As of the 2020 United States census, there were 2,463 people, 917 households, and 640 families residing in the city.

2000 census
As of the census of 2000, there were 2,171 people, 806 households, and 559 families residing in the city. The population density was 955.6 people per square mile (369.3/km2). There were 878 housing units at an average density of 386.5 per square mile (149.3/km2). The racial makeup of the city was 67.11% White, 21.19% African American, 0.46% Native American, 10.78% from other races, and 0.46% from two or more races. Hispanic or Latino of any race were 22.80% of the population.

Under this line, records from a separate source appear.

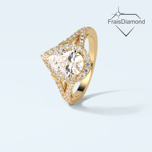 3.78 TCW Radiant Blossom Pear Cut halo pave Moissanite Engagement Ring with Round cut Side Stones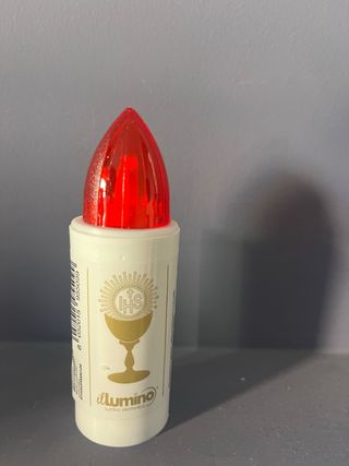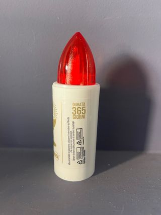 Lampada a LED per cimitero, con un design a fiamma rossa e base bianca. Progettata per durare 1 anno non necessita di pile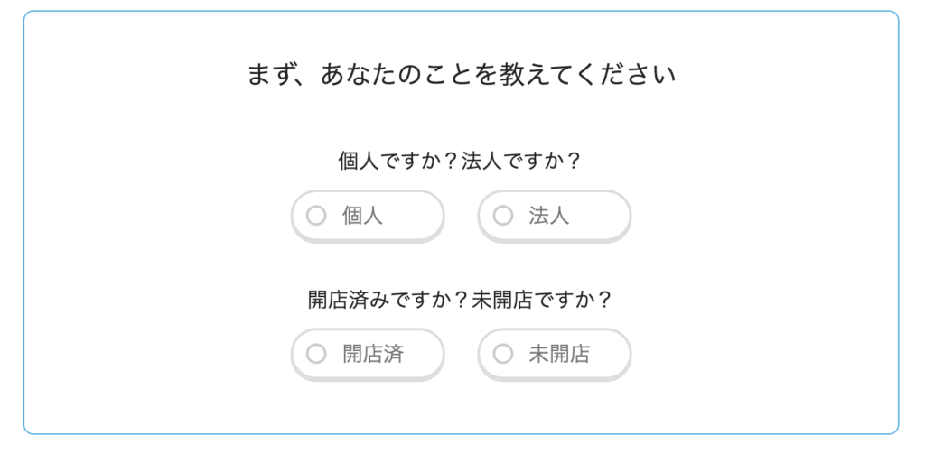 エアペイの公式サイトにアクセスして「お申し込み」ボタンをクリックしましょう。最初に事業形態(個人事業主または法人)を選択する画面が表示されます。

There were 806 households, out of which 36.5% had children under the age of 18 living with them, 49.5% were married couples living together, 14.3% had a female householder with no husband present, and 30.6% were non-families. 27.9% of all households were made up of individuals, and 11.8% had someone living alone who was 65 years of age or older. The average household size was 2.69 and the average family size was 3.28.

In the city, the population was spread out, with 29.6% under the age of 18, 10.9% from 18 to 24, 29.4% from 25 to 44, 18.1% from 45 to 64, and 12.0% who were 65 years of age or older. The median age was 30 years. For every 100 females, there were 98.1 males. For every 100 females age 18 and over, there were 90.8 males.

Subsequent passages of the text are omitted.